Hello,

I have an issue with our current WSUS / ConfigMgr SUP installation. Due to security restrictions we need a WSUS Upstream Server for our high security area. We are not allowed to have direct or indirect (proxy) internet connection there so we are using two WSUS Server. One of the is in our DMZ, he has direct internet access and provides updates for our wsus in our HSA.

In our HSA there is also our ConfigMgr Environment. It's one primary site with a local SUP / WSUS installation which is connected to the second WSUS in HSA.

DMZ is our primary Domain Forrest
HSA is a separate Domain Forrest

Coming to the issue. Both WSUS servers are explicitly used by the SUP to get the updates. I turned on reporting of all WSUS events to be able to get the information about needed updates sent to the Upstream WSUS servers so that I can only approve the updates which are truly needed. Unluckily the WSUS from the ConfigMgr SUP is not reporting them to our upstream WSUS. I get the information that for example in the SUP are 100 updates needed by computers but not which updates exactly.

Is there any way to either report that information from ConfigMgr SUP to WSUS to get all needed updates down in our HSA without simply approving and downloading all updates?

We are using Windows Server 2012 R2 on all systems and ConfigMgr 2012 R2 SP1.

• Edited by Stephan Klaus 20 hours 5 minutes ago

So this is a standalone primary site, right? And there are two SUPs? Both are using the same WSUS? "It's one primary site with a local SUP / WSUS installation which is connected to the second WSUS in HSA." Connected in terms of what? I don't understand how/where the different roles are located.

Hello,

This is a standalone primary site, this is correct. This site includes a SUP which is using a WSUS server locally on the primary site (this wsus server is managed by ConfigMgr).

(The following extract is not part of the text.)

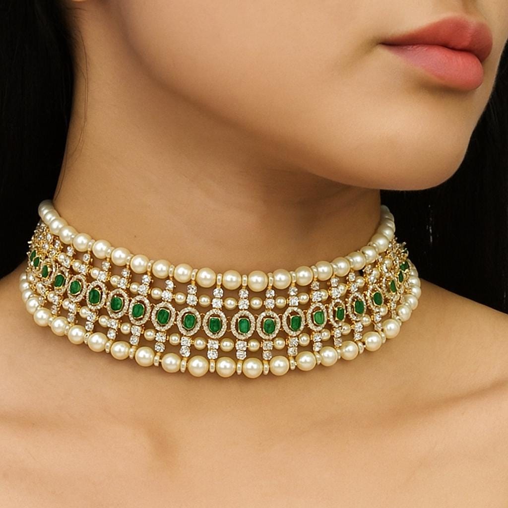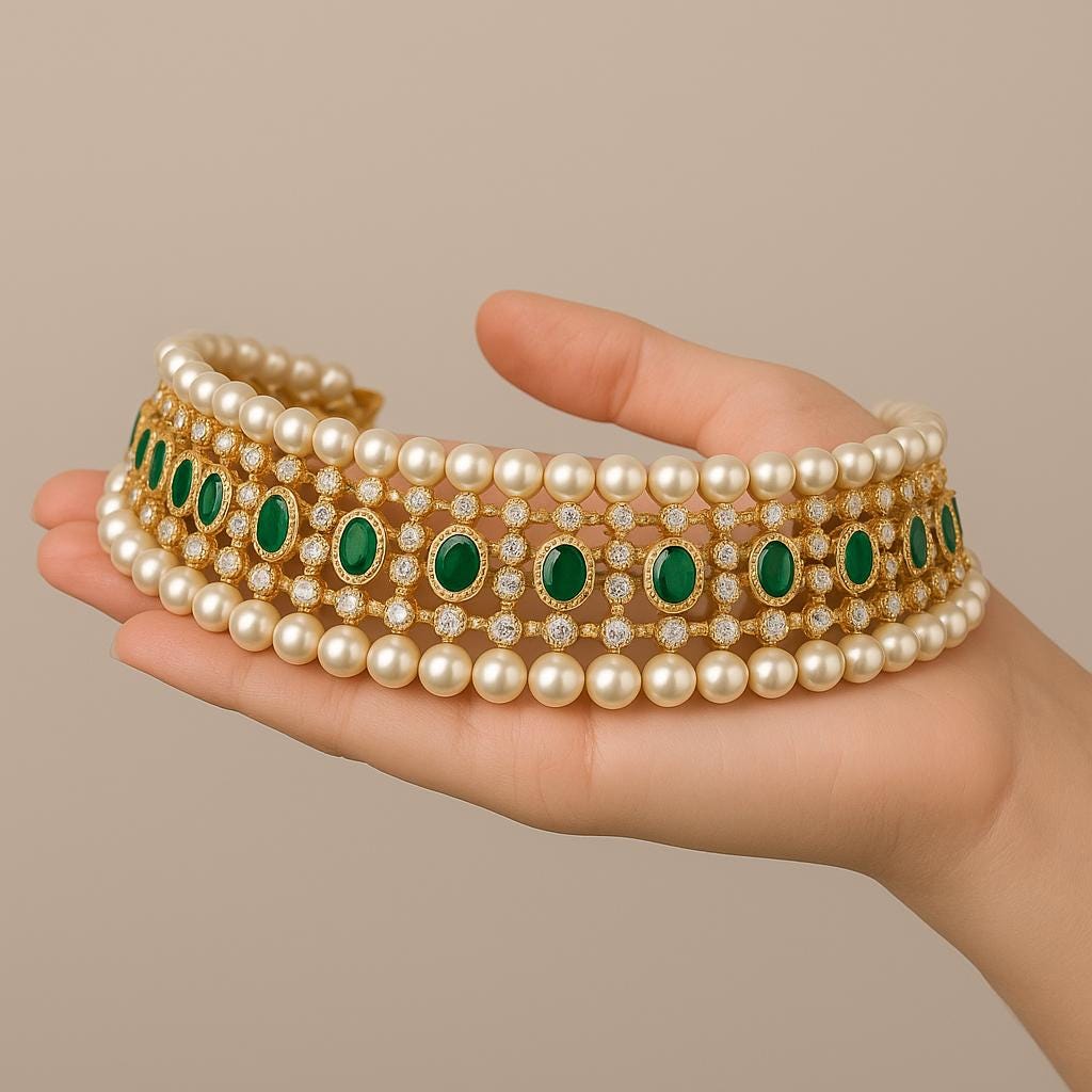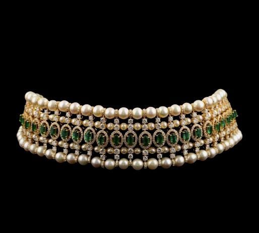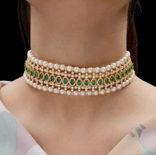 Every gemstone is meticulously hand-selected and set by skilled artisans to ensure impeccable quality and harmony. The soft luster of pearls perfectly contrasts with the vivid green emeralds, while the sparkling diamonds add a touch of everlasting brilliance. Whether for a wedding, gala, or anniversary, this choker necklace is a timeless treasure meant to be cherished for generations.

There is also a upstream WSUS server in HSA. The Upstream Server has no direct internet access and is a replica server of the DMZ WSUS server.

We are using:

HSA  ---> 1 Upstream WSUS (replica of DMZ)
1 SUP on primary standalone site
1 Configmgr managed WSUS connected to the upstream wsus

DMZ ---> 1 WSUS connected to the internet providing updates for the replica WSUS in HSA.

Are the upstream WSUS instances used for anything other than use as upstream from ConfigMgr?

If not, then there's no reason to approve anything in WSUS as that has no purpose in ConfigMgr and thus no reason to submit events to WSUS either.

No they aren't used for anything else.

The main problem is that if you don't approve any updates from the upstream wsus you won't get the files downloaded into the WSUS Content Folder. ConfigMgr is only downloading update meta data from the WSUS server if you specify an upstream WSUS server not the update files themselves. Correct me if I'm wrong but to download the update files to ConfigMgr you need to specify a UNC path (we don't have internet connectivity on ConfigMgr) with the WSUS content folder as main target. So you actually need to approve updates on WSUS server.

That is correct. Why not approve them all then? Why micro-manage that portion at all? So what if you download an update binary that is never used?